Letta, dal canto suo, ha tutto l’interesse di coinvolgere in qualche modo Renzi in questa non facile avventura a Palazzo Chigi. Non a caso ieri mattina, nel primo discorso all’uscita dal colloquio con Napolitano, ha voluto pubblicamente tributargli stima e ringraziarlo, così come ha fatto con Giuliano Amato.  Quasi una proposta di coinvolgimento. Ma Renzi non si farà cooptare. Nemmeno nel governo dell’amico. Per tutta la campagna delle primarie ha promesso che non avrebbe accettato, in caso di sconfitta, alcuna poltrona di risarcimento. E che non sarebbe mai andato a Palazzo Chigi, se non dopo una legittimazione elettorale. Accettare di fare il ministro significherebbe tradire queste promesse. Piuttosto, si dice, indicherà alcuni dei suoi uomini. In pole position ci sono Graziano Del Rio e Sergio Chiamparino

L’altro grande rischio che Renzi corre è  che, se il governo decolla, la stella di Letta cresca. A quel punto l’ex enfant prodige del centrosinistra potrebbe ambire a presentarsi candidato premier alle prossime elezioni, bruciando il sindaco e aprendo un duello fin qui imprevisto. Molto dipende dalla durata di questo governo. Se andrà avanti per due o tre anni, veleggiando in buone acque, la situazione si complica. Per non logorarsi, Renzi dovrà rimanere un passo indietro, sparire dai giornali e dalle tv, ritirarsi a Firenze, magari prendendosi la presidenza dell’Anci, nel caso in cui Del Rio, che ora la presiede, faccia il ministro. Dovrà valutare, poi, di ricandidarsi a sindaco di Firenze per un secondo mandato, visto che scade il prossimo anno. Il che significa rinviare ulteriormente i tempi di un impegno nazionale.

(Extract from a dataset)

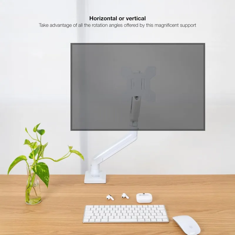 Este soporte incorpora un resorte de gas que permite un ajuste de altura suave y preciso, mejorando la postura y reduciendo la fatiga visual. Su sistema de gestión de cables mantiene el área de trabajo ordenada, mientras que su capacidad de rotación de 360° ofrece máxima flexibilidad para cambiar entre orientación horizontal y vertical. También permite inclinación entre -45° y 70° y un giro de -90° a 90°, facilitando el ángulo de visión perfecto en cualquier momento. Con una extensión de brazo de hasta 49 cm y una altura máxima del monitor de 44 cm, el Soporte Tooq DB1334TNR-W se adapta a múltiples configuraciones de trabajo. Su peso ligero de 1,92 kg y empaquetado compacto lo hacen fácil de transportar e instalar.

Se, invece, il governo Letta non dovesse superare l’anno di vita, magari incagliandosi dopo l’estate per colpa dei veti dei partiti, allora Renzi potrebbe accettare la sfida che finora ha rifiutato, cioè correre per la segreteria del Pd. «Se si va a votare l’anno prossimo, gli conviene prendersi il partito e poi da lì puntare al governo», osservano nel suo entourage. Al di là delle incognite l’elemento positivo, è ancora il ragionamento che si fa tra i suoi, è che l’incarico a Letta produce un «salto generazionale» nel Pd. Il gruppo dirigente formato dai «ragazzi del ‘68» è definitivamente tramontato. La mano passa ai 40enni. D’ora in poi si apre una nuova stagione. Paradossalmente proprio grazie all’ottantenne presidente della Repubblica si compie definitivamente, nel Partito democratico, quella rottamazione che Renzi aveva solo iniziato.